I have even gone and got them their stuff they needed and bought some items of my own because I was at the store... I bet I have irritated a few folks before and never realized it...LOL!! Funny though, I never gave it a second thought...


----------



## Drew_Smoke (May 21, 2004)

I knew a fella backin the day...he worked construction for cash and his wife was a stripper. They bought steaks and stuff with their welfare card and lived the high life. I wish there had been a 1-800 # back then...


----------



## texanlegend (Dec 9, 2004)

i have done the exact thing u mentioned down to the letter except it wasnt half n half and i bought budweiser and i think the lotto tickets were 5 dollar scratch offs ...but the merchandise bought with the food stamp card was for my elderly grandmother who couldnt leave the house. ohh and then i walked outside and hopped into my 2009 truck....not everything is as it seems "believe none of what you hear and only half of what you see"


----------



## CORNHUSKER (Jul 12, 2004)

Best not to judge, unless you are willing to be judged!!!

:flag:


----------



## dwilliams35 (Oct 8, 2006)

They can judge me all they want... If they've got a problem with me using cash or American Express to buy groceries, there's something wrong with them anyway... We bought the right to pass judgement on this stuff when our tax dollar funded it.. There's a whole lot of stuff out there that I let slide on the "none of my business" theory: the second I start paying for it I start worrying about it.


----------



## CORNHUSKER (Jul 12, 2004)

Nobody has the right to pass judgement. WE ALL have the right to do something about it!!!

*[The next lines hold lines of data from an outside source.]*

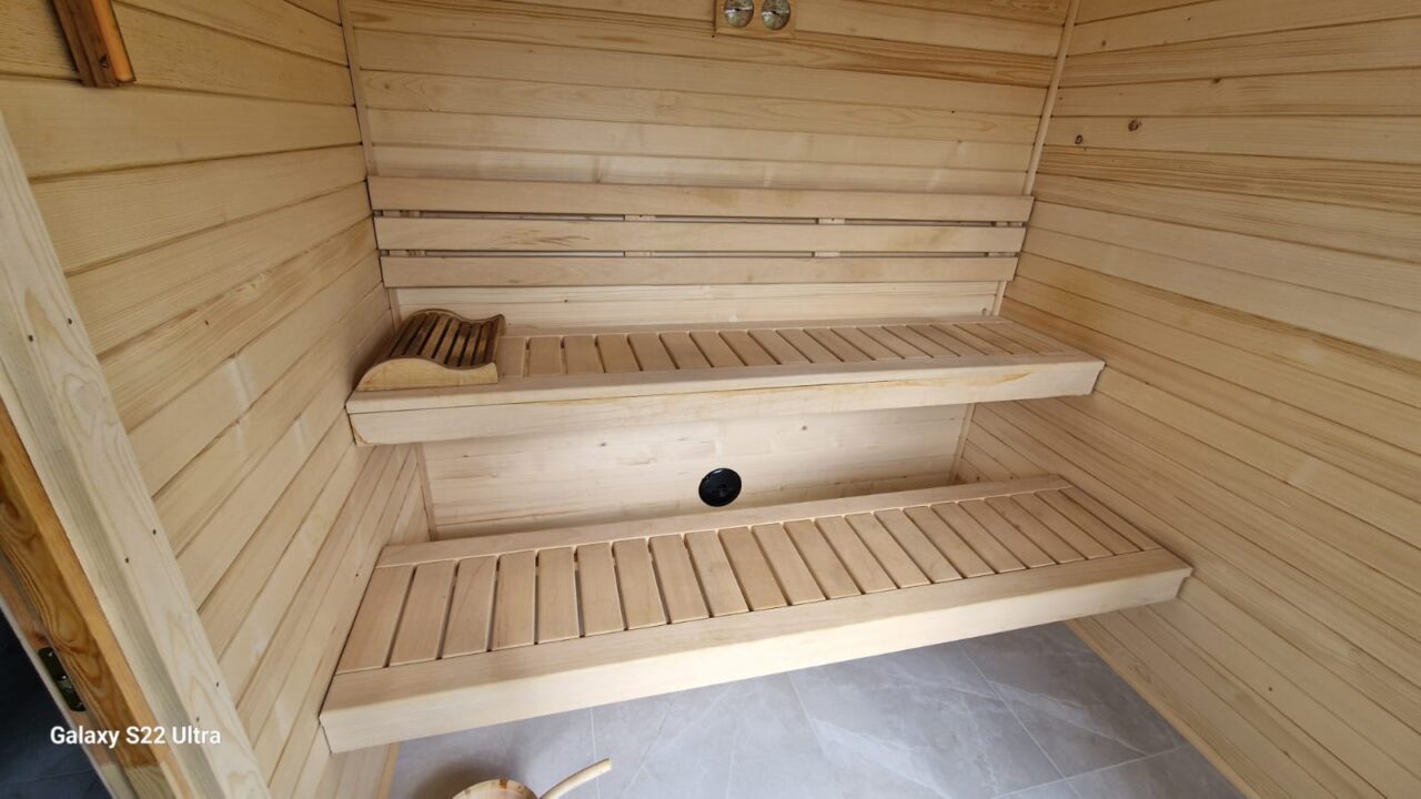 - Wymiary: 3 x 2,2 cm – przestronna sauna z dodatkowym miejscem na przedsionek lub prysznic, dodatkowo pomieszczenie pod jacuzzi 3,5 x 2,2 m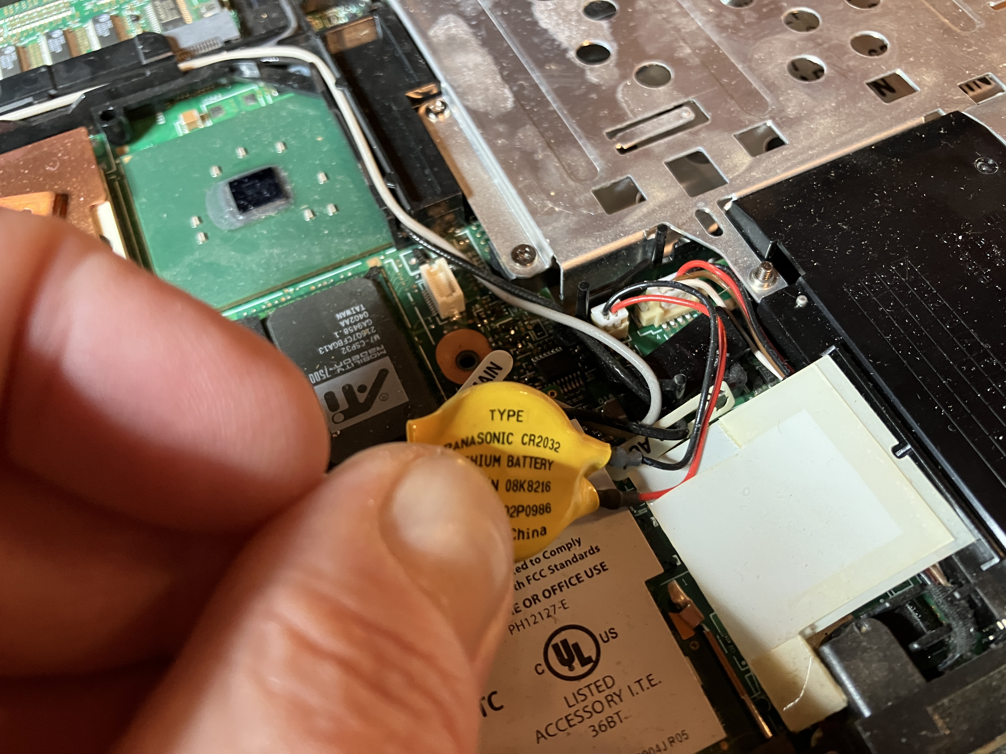 Batterie (FRU 08K8216) ist mit zwei dürren Kabeln an einem Stecker mit dem Mainboard verbunden. Es empfiehlt sich, nicht an den Kabel zu ziehen, sondern den Stecker mit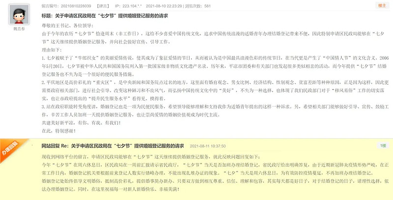 比如一位甘肃青年,为了推动民政局在恰逢周六的七夕节坚持营业,在留言中写到,他所在的地区是高价彩礼的“重灾区”,是中央新闻和国务院点过名的地方,这里面有婚育观念、男女比例、经济结构、性别观念、贫富差距等种种原因,正是因为这样,因此更需要政府相关部门,进行社会引导,改变这种陋习和不良风气,而弘扬中国传统文化中的“美好”,不失为一种选择。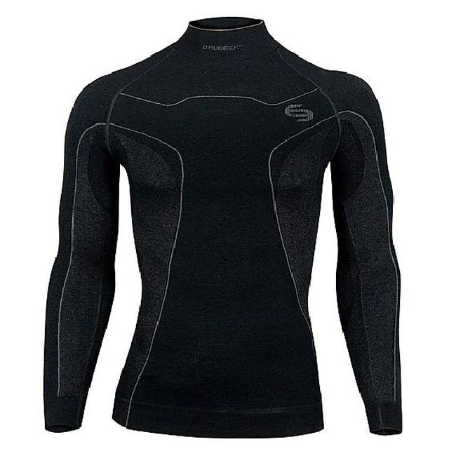 Brubeck Merino Soft Black - Чоловіча блуза - що рекомендується для фізично активних осіб на холодні погодні умови, виконана з двошарового безшовного трикотажу. Підтримує оптимальну температуру тіла, забезпечуючи неймовірний комфорт при низьких температурах. Чудова ізоляція в поєднанні з низькою вагою. Зберігає нейтральний запах (бактеріостатика).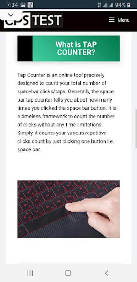 Tap Counter is an online tool precisely designed to count your total number of spacebar clicks/taps. Generally, the space bar hit counter tells you how many times you clicked the space bar button.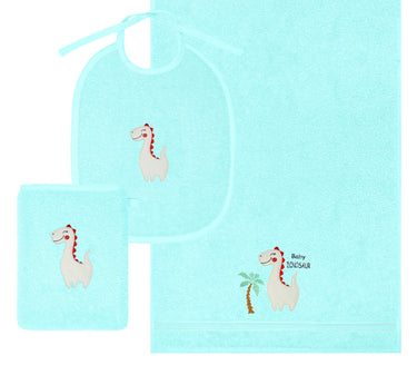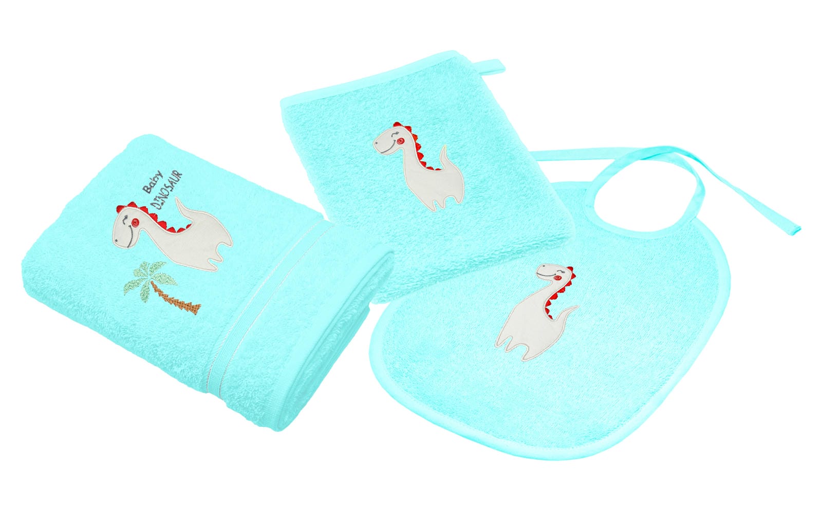 3er Set Baby Geschenkset für Mädchen und Jungen bestickt mit Dinosaurier - Blau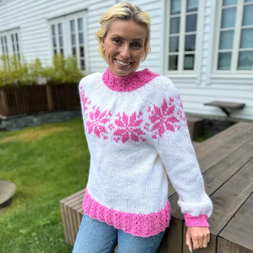 10 sts in stockinette stitch with two strands on 9 mm (US 13) needles = 10 cm / 4 in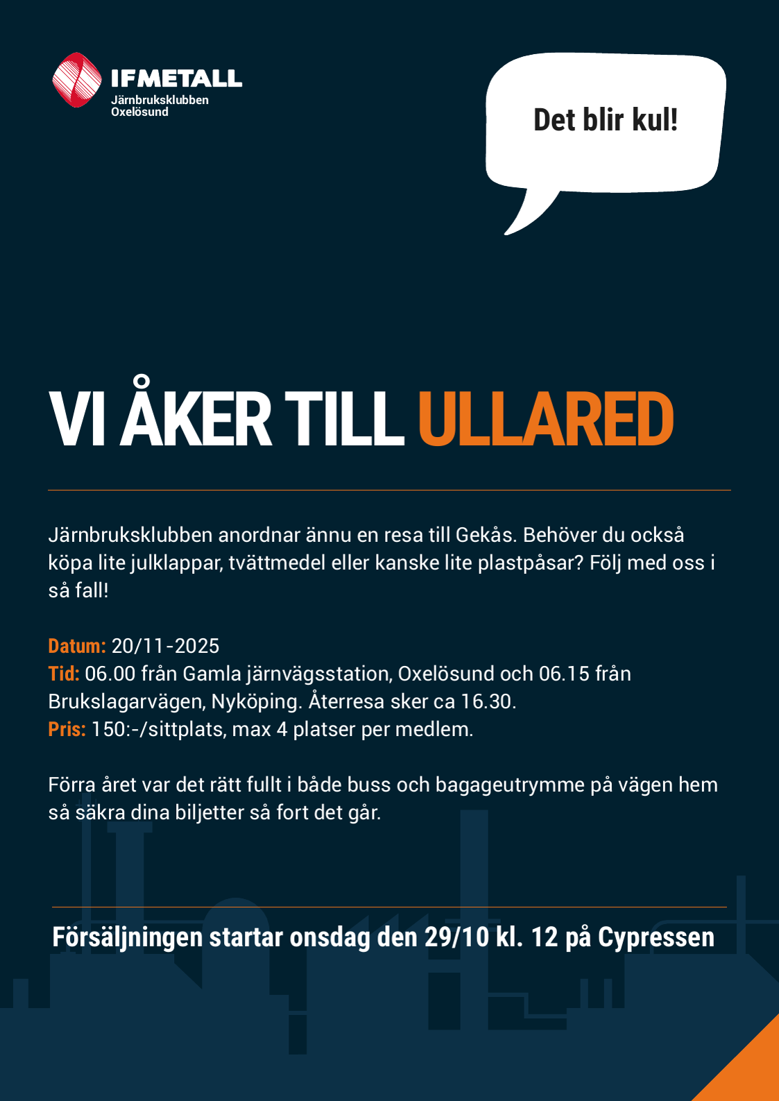 Järnbruksklubben är aktiv på SSAB i Oxelösund och har cirka 1550 medlemmar. Idén med vår förening är att vi ska förbättra våra villkor på arbetsplatsen och i samhället, och att alla ska ha rätt till ett bra och tryggt arbete. Genom att vi är många ökar våra möjligheter att förbättra våra villkor.
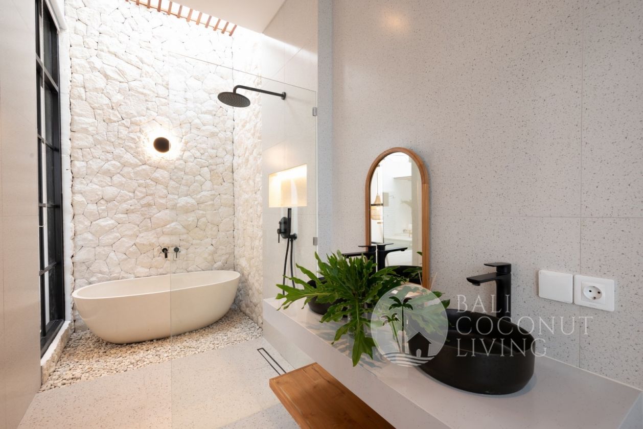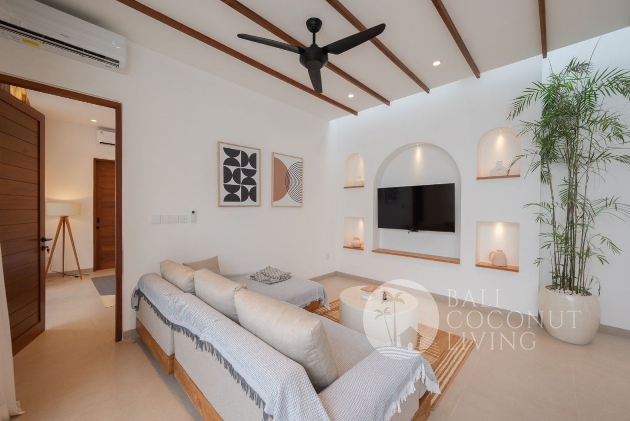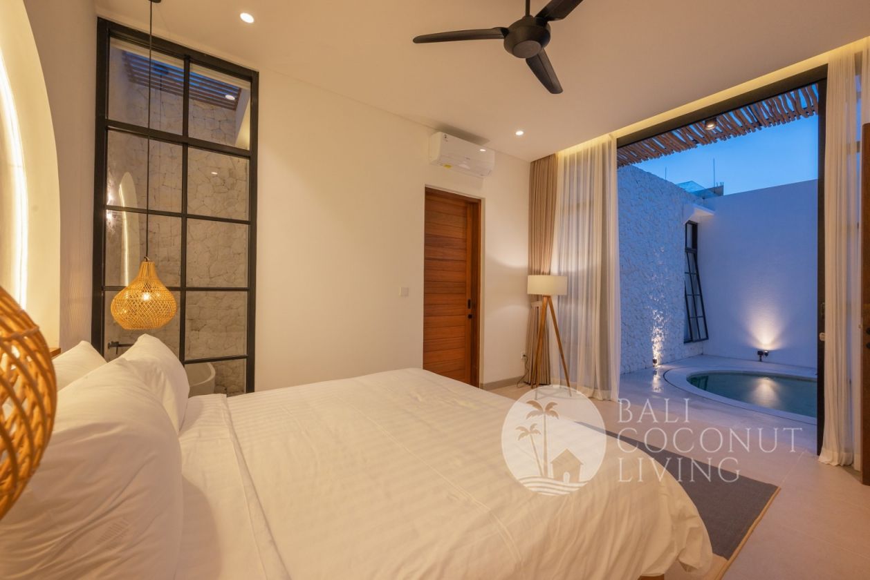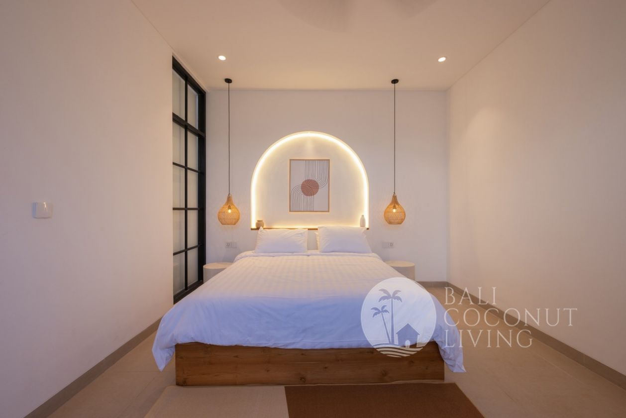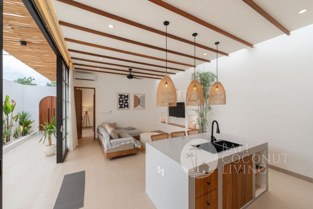 This stylish villa offers the perfect blend of comfort and modern living, located in the peaceful area of Tumbak Bayuh, just minutes away from the vibrant lifestyle of Canggu. Featuring 2 bedrooms with en-suite bathrooms, the villa is designed with a bright and airy layout, seamlessly connecting indoor and outdoor spaces. The enclosed living area opens directly to a private swimming pool with a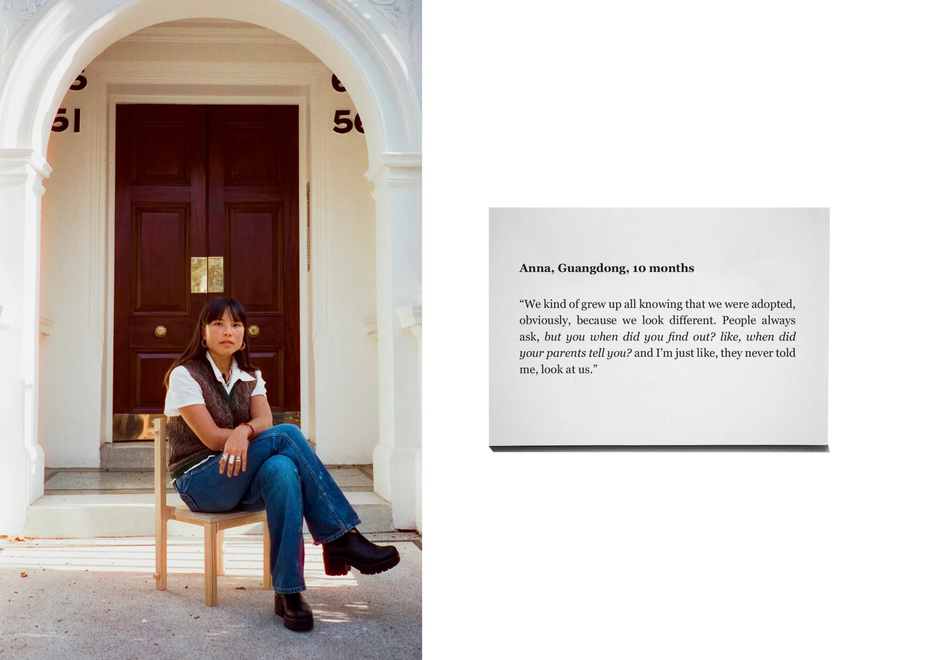 Little Chairs, Little Conversations is a 20-minute short film (to be released in 2024, with a 6-minute preview at the KSA Degree Show) and series of portraits set on the Chinese archetype of a ‘Little Chair’ to sit down and chat about the ways in which Chinese adoptees navigate life.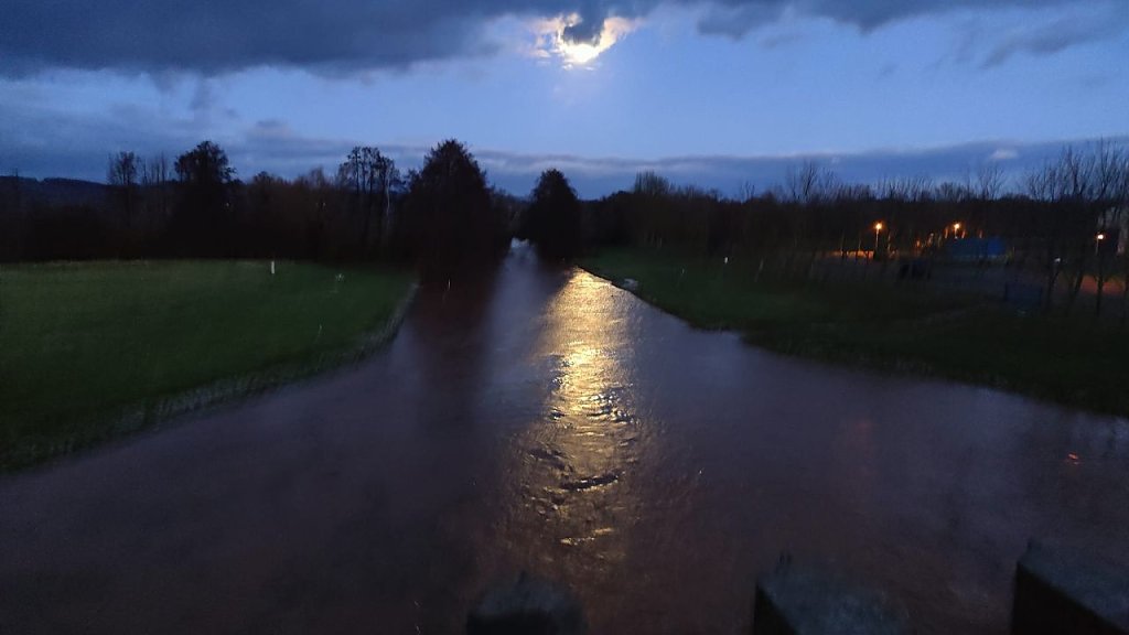 Es traf den kleinen Ort nach dem Stausee, Thürungen. Da der Stausee voll war, wurden das Ablassen von Wasser eingeleitet. Es wird natürlich die Orte treffen, die östlich von Stausees sind.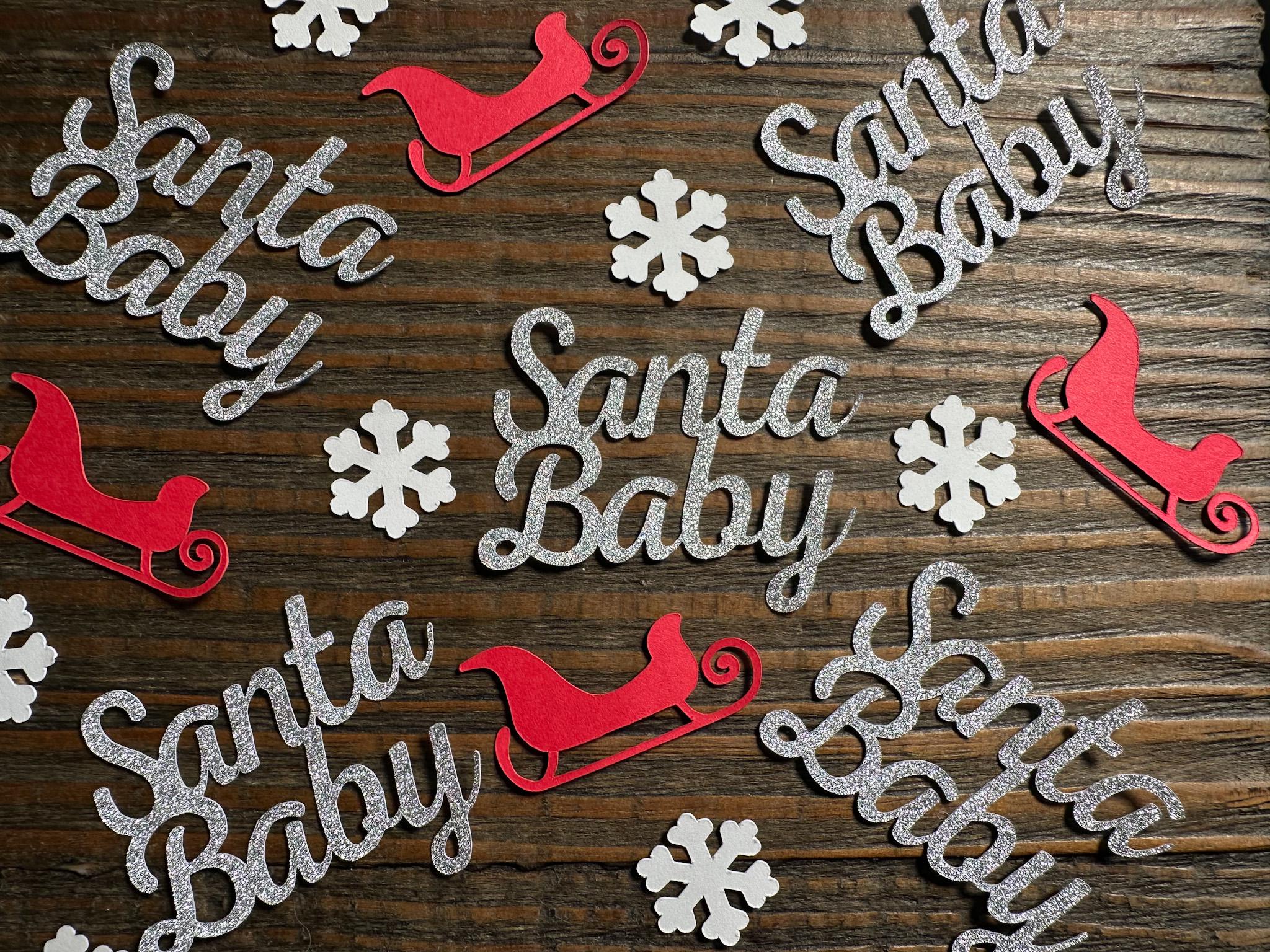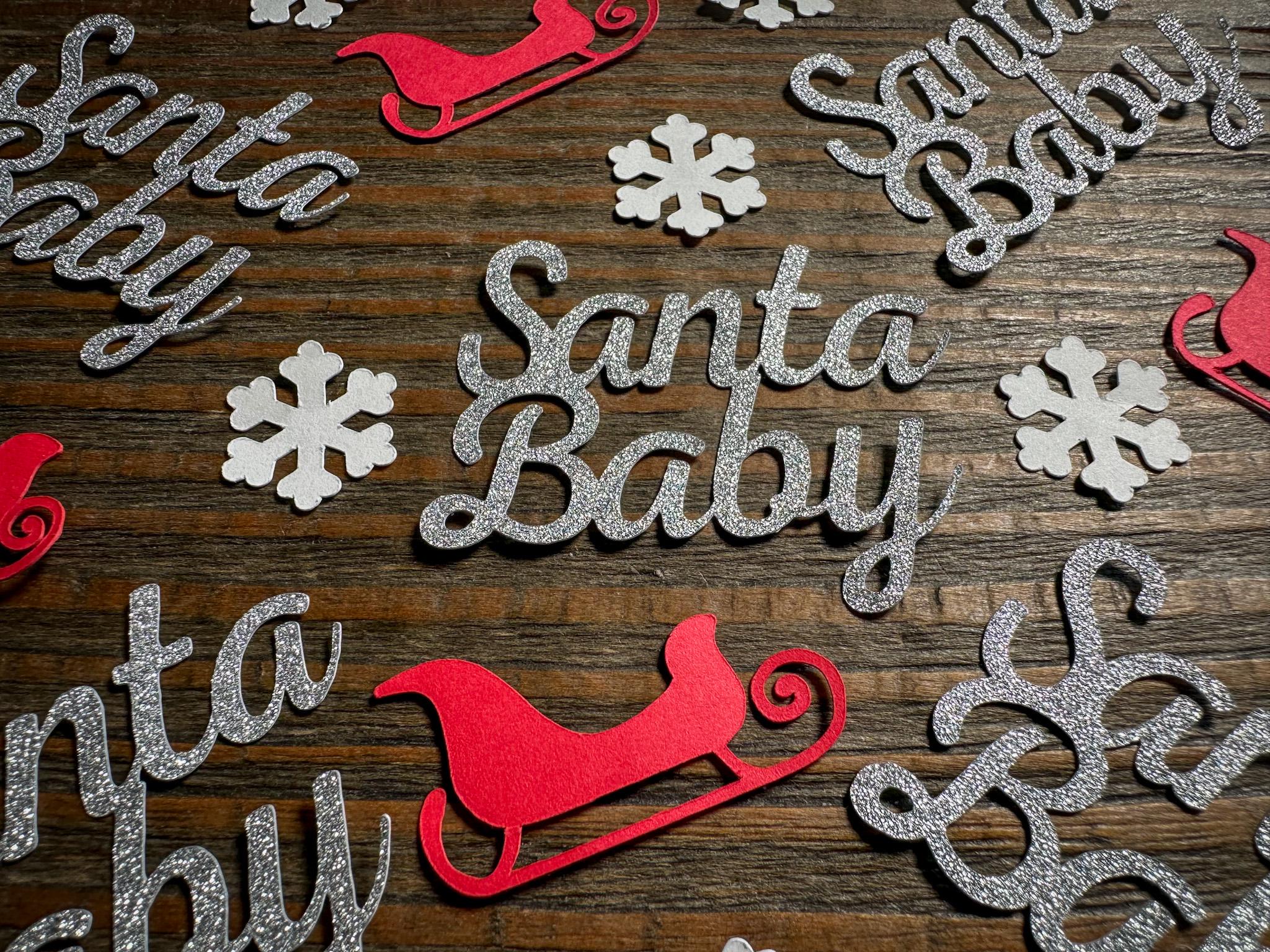 Create a festive, memorable celebration with this sweet and sparkly Santa Baby confetti—perfect for welcoming your holiday season baby or announcing your exciting news.

I guess my question is "what are you doing about it", other than complaining about it on the internet?

:flag:


----------



## dwilliams35 (Oct 8, 2006)

Voting.


----------



## FATfisherman (Mar 13, 2009)

I'm a single father with custody of my daughter and when she was younger I was laid off from a job and had hell finding another so I applied for the Lonestar Card and was only given three months of assistance then I was cut off. I called and asked what was going on then they gave me the run around then when they reapproved me it was for $16.00 a month. I have always worked since I was 16 and I believe that if I need help I'm entitled to that money which my paychecks contributed to.....but I guess it doesn't work like that!


----------



## CORNHUSKER (Jul 12, 2004)

dwilliams35 said:


> Voting.


Thank you sir for exercising your rights!!!! At this point in OUR COUNTRY voting is by far more important and vital than anything else we can do. Unfortunately if you look at the percentages of registered voters compared to actual votes cast it's embarassing. I personally have extremely high hopes that those numbers will change next time around.

:flag:


----------



## dwilliams35 (Oct 8, 2006)

FATfisherman said:


> I'm a single father with custody of my daughter and when she was younger I was laid off from a job and had hell finding another so I applied for the Lonestar Card and was only given three months of assistance then I was cut off. I called and asked what was going on then they gave me the run around then when they reapproved me it was for $16.00 a month. I have always worked since I was 16 and I believe that if I need help I'm entitled to that money which my paychecks contributed to.....but I guess it doesn't work like that!


But then, you're really not who this thread's about, now are you?


----------



## southtexasreds (Jun 8, 2009)

dwilliams35 said:


> Voting.


x2


----------



## FATfisherman (Mar 13, 2009)

dwilliams35 said:


> But then, you're really not who this thread's about, now are you?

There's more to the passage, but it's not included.